Apple introduced its latest iPhone lineup, with 5G as the exciting new feature of the iPhone 12 family.
The Californian tech giant launched four new iPhone models with varying price points and display sizes at the event, including an iPhone 12, iPhone 12 mini, iPhone 12 Pro, and iPhone 12 Pro Max. Although most of the features were expected prior to the event, the consensus among analysts is that the 5G compatibility will be one of the key drivers of iPhone growth over the next few years.
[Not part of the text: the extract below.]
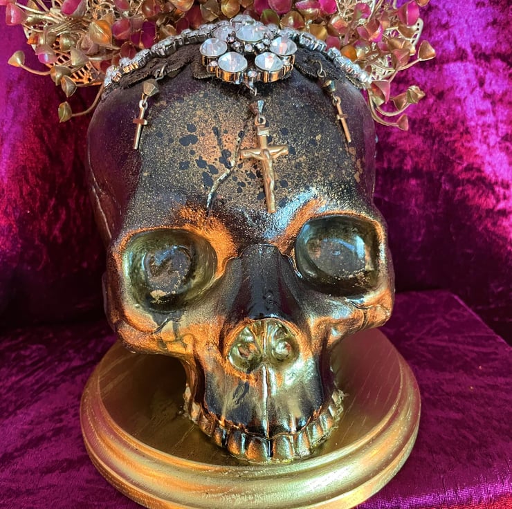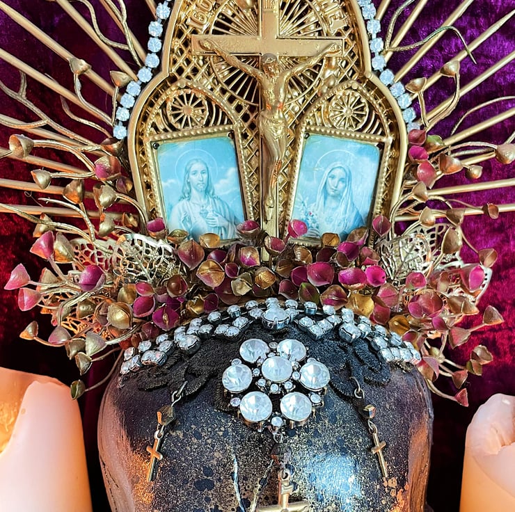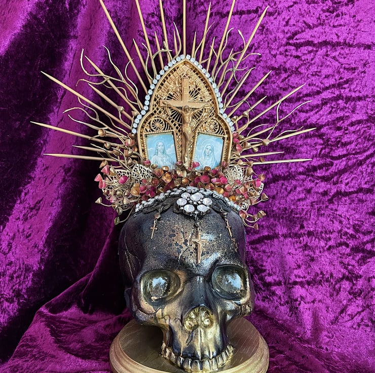 A unique, handmade memento mori gothic inspired skull sculpture, adorned with a religious kitsch shrine headpiece.

“This is a huge leap for iPhone, bringing the best 5G experience in the market and delivering our most advanced technologies to users who want the absolute most from their iPhone,” said Greg Joswiak, Apple’s Marketing SVP. “Each generation of iPhone has changed what we expect from a smartphone, and now with 5G, iPhone 12 Pro provides a new generation of performance.”
Krish Sankar, lead analyst at investment bank Cowen, didn't see any major surprises from the iPhone 12 event, but noted that the addition of 5G across the lineup could "enable a longer strong cycle."
Sankar forecasts that iPhone unit shipments could grow 12% year-over-year to 208 million units in 2021, and an additional 3% to 214 million units the following year. He also notes that overall pricing rose moderately on a blended basis compared to the iPhone 11 lineup.
Some analysts believe Apple is taking a serious bet on 5G adoption and expansion, and may be introducing a device that the market is not ready for.
Tim Long, senior research analyst at Barclays, raised a number of questions around Apple’s new 5G technology.
“We’ve been a little bit more skeptical on the iPhone side for the last few years here. It’s been a time since they’ve had a real hit. Remember that the 10 was supposed to be a supercycle as well. We didn’t really see it so we’ve seen a lot of changes as far as customers’ willingness to pay really since that iPhone 10 so there’s been a lot more mixing down and of course now really the new feature here is 5G. … When we have a new technology, we struggle with – is it worth the cost? Are there applications? What’s it going to do with my battery? What will the coverage look like?”
Nilay Patel, editor in chief of The Verge, is also skeptical about the uses of 5G.
“In the middle of Apple’s pitch for 5G, they announced a feature called Smart Data Mode … the thing that Smart Data Mode does for you is it turns 5G off to save battery life. So not only is the network not ready, the hardware, because the networks are new and the modems are new, is going to drain your battery life if you overuse 5G. So the phone itself unless you’re doing something that demands a lot of speed is going to turn 5G off almost most of the time. I did not see a single compelling use case for 5G in that entire presentation, other than the speed test app.”